One of Thibodeau’s former players outlined the coach’s philosophy regarding rookies and playing time.

“He’s going to take the Gregg Popovich approach which is he doesn’t really gift minutes. If you get drafted by the Spurs, you earn every second out there,” Brian Scalabrine said. “And he’ll be quick to put an undrafted guy ahead of you if you ain’t doing the right stuff. Thibodeau’s the same way. You have to go out there and earn your minutes and you have a short leash as a young player.”
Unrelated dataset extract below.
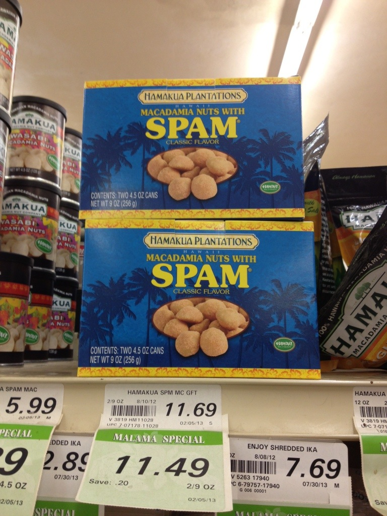 Admittedly I made it about three bites before grease started oozing out of my eyeballs. Tasty though! After the game we walked from the restaurant to the store to get a Redbox flick and some Red Bull. We didn’t find any Red Bull, but we did find Spam flavored macadamia nuts. Yum?

As the Daily News reported, Thibodeau was pushing win-now moves ahead of the offseason. The result was a very promising and somewhat polished draft pick in Obi Toppin, and an underwhelming free agency. Leon Rose, the novice team president and former agent, has adopted the posture of endurance over immediate upgrades, using cap space to accumulate stopgaps and future second-round picks.

Rose passed on a Chris Paul trade. He protected cap flexibility. He set up an environment for youth and mistakes. Russell Westbrook still looms as a possibility but that saga is more likely to drag until the trade deadline. We’ve always felt Indiana’s Victor Oladipo is the better play for the Knicks, and there are issues inside the Pacers locker room that can’t sustain much losing. Team management met with Oladipo and his agent before the draft, according to a source, and thus far the public message is that he’s committed to the Pacers.

The Knicks, meanwhile, are positioned with assets but projected by Vegas bookmakers as the league’s worst team.

Although Rose’s logic is easy to follow, there’s a misconception floating around about his strategy being unique to the franchise. “Building sustained success” and “Building the right way” are old mottos at this point. Knicks fans are understandably traumatized by the short-sighted mistakes of Isiah Thomas and James Dolan, but the team hasn’t traded a first-round pick since 2013. They’ve used five lottery picks in the last six years. Steve Mills constructed his message around patience, and it all blew up because of the losing — because Kevin Durant and Kyrie Irving didn’t want to join a bad team; and Kristaps Porzingis didn’t want to dedicate his prime to the defeats.

Losing is a vicious cycle.

Which brings us to Thibodeau. He’s a NASCAR driver given a Kia Sedona. How he handles the slow lane will be an intriguing storyline all season.